Any picture must be dropped, but each line of the data should be duplicated exactly.
** LISTED ENTRIES follows **
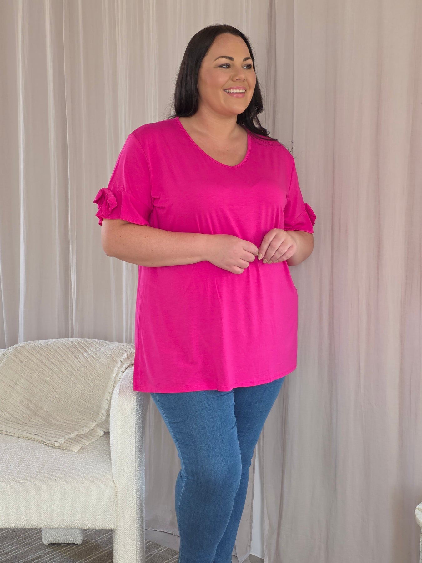 Enhance your summer wardrobe with this stylish top. Its sophisticated v-neck design exudes elegance, while the incredibly soft material ensures maximum comfort. The elegant bow detail on the sleeve is the perfect finishing touch. From casual outings to special occasions, this top is versatile and essential.
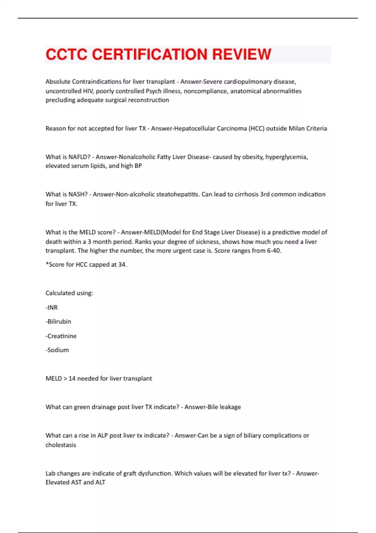 Absolute Contraindications for liver transplant - Answer-Severe cardiopulmonary disease, uncontrolled HIV, poorly controlled Psych illness, noncompliance, anatomical abnormalities precluding adequate surgical reconstruction Reason for not accepted for liver TX - Answer-Hepatocellular Carcinoma (HCC) outside Milan Criteria What is NAFLD? - Answer-Nonalcoholic Fatty Liver Disease- caused by obesity, hyperglycemia, elevated serum lipids, and high BP What is NASH? - Answer-Non-alcoholic steatohepatitis. Can lead to cirrhosis 3rd common indication for liver TX. What is the MELD score? - Answer-MELD(Model for End Stage Liver Disease) is a predictive model of death within a 3 month period. Ranks your degree of sickness, shows how much you need a liver transplant. The higher the number, the more urgent case is. Score ranges from 6-40. *Score for HCC capped at 34. Calculated using: -INR -Bilirubin -Creatinine -Sodium MELD > 14 needed for liver transplant What can green drainage post liver TX indicate? - Answer-Bile leakage What can a rise in ALP post liver tx indicate? - Answer-Can be a sign of biliary complications or cholestasis Lab changes are indicate of graft dysfunction. Which values will be elevated for liver tx? - AnswerElevated AST and ALTTarget levels for immunosuppressants are based on a number of factors including: - AnswerIndication for tx, use of induction therapy, kidney function, overall condition of pt. What can lead to metabolic encephalopathy post liver transplant? - Answer-Renal failure or sepsis What can lead to hypoxic ischemic encephalopathy post liver transplant? - Answer-Significant perioperative hypotension De Novo seizures can occur post liver transplant and can be caused by what? - Answer-Electrolyte imbalances, reaction to cyclosporine or tacrolimus, intracranial hemorrhage or cerebral infarction and intracerebral abscesses What can cause a post liver transplant patient whose initial postop neurological course is normal to develop sudden deterioration in neurological status? - Answer-Intracranial bleed Risk of primary non-function after liver transplant is: - Answer-4-6% Factors related to primary nonfunction of new liver include: - Answer-Donor age, prolonged cold ischemic time, prolonged donor hospital stay with periods of hypotension, preservation injury during donor surgery, and donor steatosis(fat in liver) Early Indicators of non functioning liver: - Answer-decrease in bile production extreme edema of organ Abnormal color of organ upon reperfusion(mottled, gray, pale) lack of reperfusion in OR urine output <30ml/hr hemodynamically unstable glucose, k, and lactate abnormalities Coagulopathy Clinical presentation for hepatic artery stenosis(HAT) - Answer-Increase in LFTs due to decreased blood flow through the hapatic artery to new organ Delayed bile leakPersistent sepsis of unknown cause What test is the gold standard for HAT diagnosis? - Answer-Angiography What is treatment for HAT? - Answer-Immediate return to OR for revascularization of organ Symptoms of bleeding post liver transplant include: - Answer-Increased swelling in abdomen Pallor Clinical manifestations of hypovolemia Some BP meds may increase cyclosporine or tacrolimus levels, name 2 - Answer-Diltiazem(Cardizem) Verapamil(Calan) What are causes of cholestasis post liver transplant - Answer-Rejection Sepsis Drug toxicity Preservation injury Clinical manifestations of cholestasis - Answer-Cloy or white stools Dark urine Itching Pain in upper right quadrant Jaundice Inability to digest certain foods N&V Locations of bile leaks post liver transplant - Answer-Anastomosis site T tube exit site Along the t tube tract at time of removal Within the liver as result of bile duct destruction(bile leak) From the cut surface in split liver, living donor transplant, or after biopsyCMV clinical manifestations - Answer-High fever, rigors, body aches, night sweats CMV prophylaxis - Answer-Valganciclovir ( valcyte) for 3 months
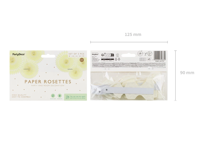 Wprowadź odrobinę wyrafinowania i klasy na swoje wydarzenie dzięki naszym subtelnym, jasnokremowym rozetom dekoracyjnym. Te urokliwe ozdoby z bibuły, dostępne w rozmiarach 20 cm, 25 cm i 30 cm, są doskonałym wyborem na wesela, wieczory panieńskie, urodziny czy baby shower. Ich łatwy montaż i możliwość wielokrotnego użycia sprawiają, że każda chwila stanie się niezapomnianym przeżyciem, które zachwyci Twoich gości.
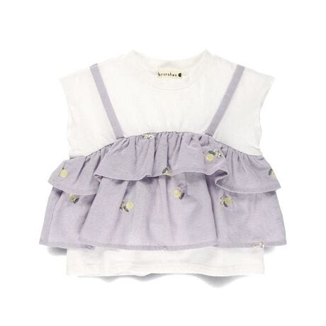 キッズ女児:12-5206-161 【おそろい】レモン&フラワー総柄刺しゅうドッキングTシャツ
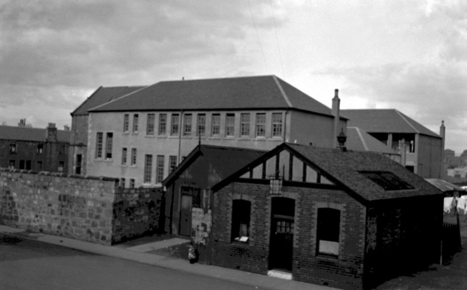 Of the old school, which had twelve rooms, the stone front only was retained. All the buildings at the back were demolished to make room for new classrooms, of which there were fourteen, accommodating 640 pupils, as well as a science laboratory for advanced pupils, three staffrooms, and a room for medical inspection. The classrooms were built of brick and ranged around a tall one storey central assembly hall which measured 48ft by 27ft. Each classroom had windows on opposite sides for cross ventilation, and they were lit by electricity. There was also ample cloakroom accommodation; and the whole building had central heating. A N Malcolm, architect, produced the plans and James Hogg acted as clerk of works, keeping costs down to £9,000 (a new school would have cost £21,000).
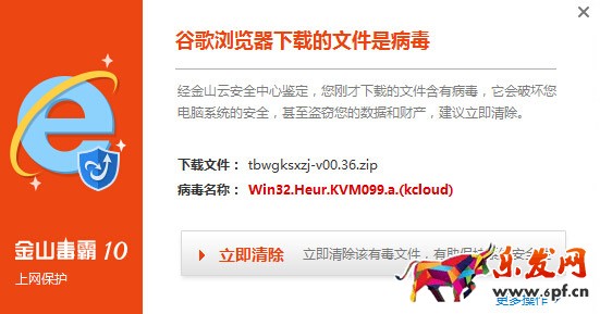 用百度搜索關鍵詞“淘寶違規考試軟件”,下載了幾個,打開下載的鏈接的瞬間,就被瀏覽器警告網站不安全,冒險選了一個信任下載了一個,之后,被殺毒軟件報毒。
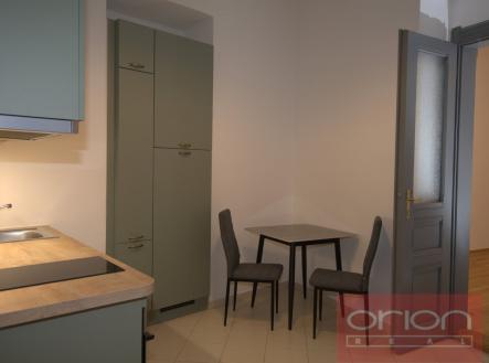 Nabízíme k pronájmu zrenovovaný byt v 1. patře secesního činžovního domu. Byt o dispozici 1+1 má plochu 47,3 m² a nabízí předsíň, kuchyň s novou kuchyňskou linkou a spotřebiči (lednice s mrazákem, myčka nádobí, varná deska a trouba) a jídelním stolem se židlemi, dále velký pokoj (23m²), koupelnu se sprchovým koutem a toaletou. V bytě jsou dvě komory, v jedné je umístěn plynový kotel a pračka se sušičkou, druhou lze využít jako šatnu. Byt má vysoké stropy, v pokoji je dubová podlaha, v ostatních místnostech je dlažba. Dům je umístěn v oblíbené části Praha 3 - Žižkov, jen pár minut chůze od Náměstí Jiřího z Poděbrad a od parku Riegrovy sady. V místě je veškerá občanská vybavenost: obchody, restaurace, bary, pekárny, v blízkosti je také nákupní centrum Flóra. V krátké pěší dostupnosti je stanice metra Jiřího z Poděbrad, stanice tramvaje Olšanské náměstí anebo Vinohradská.
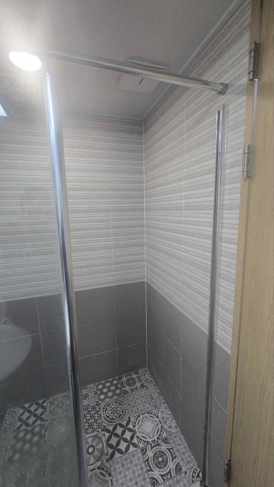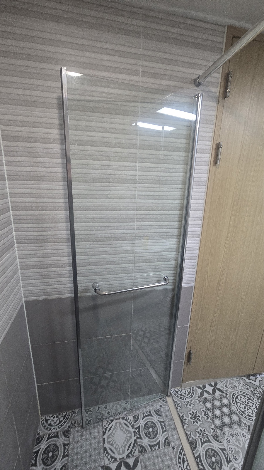 새로 제작된 샤워부스유리문을 설치하고
** End of LISTED ENTRIES **
**WRITTEN ANSWER:**
 Enhance your summer wardrobe with this stylish top. Its sophisticated v-neck design exudes elegance, while the incredibly soft material ensures maximum comfort. The elegant bow detail on the sleeve is the perfect finishing touch. From casual outings to special occasions, this top is versatile and essential.
 Absolute Contraindications for liver transplant - Answer-Severe cardiopulmonary disease, uncontrolled HIV, poorly controlled Psych illness, noncompliance, anatomical abnormalities precluding adequate surgical reconstruction Reason for not accepted for liver TX - Answer-Hepatocellular Carcinoma (HCC) outside Milan Criteria What is NAFLD? - Answer-Nonalcoholic Fatty Liver Disease- caused by obesity, hyperglycemia, elevated serum lipids, and high BP What is NASH? - Answer-Non-alcoholic steatohepatitis. Can lead to cirrhosis 3rd common indication for liver TX. What is the MELD score? - Answer-MELD(Model for End Stage Liver Disease) is a predictive model of death within a 3 month period. Ranks your degree of sickness, shows how much you need a liver transplant. The higher the number, the more urgent case is. Score ranges from 6-40. *Score for HCC capped at 34. Calculated using: -INR -Bilirubin -Creatinine -Sodium MELD > 14 needed for liver transplant What can green drainage post liver TX indicate? - Answer-Bile leakage What can a rise in ALP post liver tx indicate? - Answer-Can be a sign of biliary complications or cholestasis Lab changes are indicate of graft dysfunction. Which values will be elevated for liver tx? - AnswerElevated AST and ALTTarget levels for immunosuppressants are based on a number of factors including: - AnswerIndication for tx, use of induction therapy, kidney function, overall condition of pt. What can lead to metabolic encephalopathy post liver transplant? - Answer-Renal failure or sepsis What can lead to hypoxic ischemic encephalopathy post liver transplant? - Answer-Significant perioperative hypotension De Novo seizures can occur post liver transplant and can be caused by what? - Answer-Electrolyte imbalances, reaction to cyclosporine or tacrolimus, intracranial hemorrhage or cerebral infarction and intracerebral abscesses What can cause a post liver transplant patient whose initial postop neurological course is normal to develop sudden deterioration in neurological status? - Answer-Intracranial bleed Risk of primary non-function after liver transplant is: - Answer-4-6% Factors related to primary nonfunction of new liver include: - Answer-Donor age, prolonged cold ischemic time, prolonged donor hospital stay with periods of hypotension, preservation injury during donor surgery, and donor steatosis(fat in liver) Early Indicators of non functioning liver: - Answer-decrease in bile production extreme edema of organ Abnormal color of organ upon reperfusion(mottled, gray, pale) lack of reperfusion in OR urine output <30ml/hr hemodynamically unstable glucose, k, and lactate abnormalities Coagulopathy Clinical presentation for hepatic artery stenosis(HAT) - Answer-Increase in LFTs due to decreased blood flow through the hapatic artery to new organ Delayed bile leakPersistent sepsis of unknown cause What test is the gold standard for HAT diagnosis? - Answer-Angiography What is treatment for HAT? - Answer-Immediate return to OR for revascularization of organ Symptoms of bleeding post liver transplant include: - Answer-Increased swelling in abdomen Pallor Clinical manifestations of hypovolemia Some BP meds may increase cyclosporine or tacrolimus levels, name 2 - Answer-Diltiazem(Cardizem) Verapamil(Calan) What are causes of cholestasis post liver transplant - Answer-Rejection Sepsis Drug toxicity Preservation injury Clinical manifestations of cholestasis - Answer-Cloy or white stools Dark urine Itching Pain in upper right quadrant Jaundice Inability to digest certain foods N&V Locations of bile leaks post liver transplant - Answer-Anastomosis site T tube exit site Along the t tube tract at time of removal Within the liver as result of bile duct destruction(bile leak) From the cut surface in split liver, living donor transplant, or after biopsyCMV clinical manifestations - Answer-High fever, rigors, body aches, night sweats CMV prophylaxis - Answer-Valganciclovir ( valcyte) for 3 months
 Wprowadź odrobinę wyrafinowania i klasy na swoje wydarzenie dzięki naszym subtelnym, jasnokremowym rozetom dekoracyjnym. Te urokliwe ozdoby z bibuły, dostępne w rozmiarach 20 cm, 25 cm i 30 cm, są doskonałym wyborem na wesela, wieczory panieńskie, urodziny czy baby shower. Ich łatwy montaż i możliwość wielokrotnego użycia sprawiają, że każda chwila stanie się niezapomnianym przeżyciem, które zachwyci Twoich gości.
 キッズ女児:12-5206-161 【おそろい】レモン&フラワー総柄刺しゅうドッキングTシャツ
 Of the old school, which had twelve rooms, the stone front only was retained. All the buildings at the back were demolished to make room for new classrooms, of which there were fourteen, accommodating 640 pupils, as well as a science laboratory for advanced pupils, three staffrooms, and a room for medical inspection. The classrooms were built of brick and ranged around a tall one storey central assembly hall which measured 48ft by 27ft. Each classroom had windows on opposite sides for cross ventilation, and they were lit by electricity. There was also ample cloakroom accommodation; and the whole building had central heating. A N Malcolm, architect, produced the plans and James Hogg acted as clerk of works, keeping costs down to £9,000 (a new school would have cost £21,000).
 用百度搜索關鍵詞“淘寶違規考試軟件”,下載了幾個,打開下載的鏈接的瞬間,就被瀏覽器警告網站不安全,冒險選了一個信任下載了一個,之后,被殺毒軟件報毒。
 Nabízíme k pronájmu zrenovovaný byt v 1. patře secesního činžovního domu. Byt o dispozici 1+1 má plochu 47,3 m² a nabízí předsíň, kuchyň s novou kuchyňskou linkou a spotřebiči (lednice s mrazákem, myčka nádobí, varná deska a trouba) a jídelním stolem se židlemi, dále velký pokoj (23m²), koupelnu se sprchovým koutem a toaletou. V bytě jsou dvě komory, v jedné je umístěn plynový kotel a pračka se sušičkou, druhou lze využít jako šatnu. Byt má vysoké stropy, v pokoji je dubová podlaha, v ostatních místnostech je dlažba. Dům je umístěn v oblíbené části Praha 3 - Žižkov, jen pár minut chůze od Náměstí Jiřího z Poděbrad a od parku Riegrovy sady. V místě je veškerá občanská vybavenost: obchody, restaurace, bary, pekárny, v blízkosti je také nákupní centrum Flóra. V krátké pěší dostupnosti je stanice metra Jiřího z Poděbrad, stanice tramvaje Olšanské náměstí anebo Vinohradská.
 새로 제작된 샤워부스유리문을 설치하고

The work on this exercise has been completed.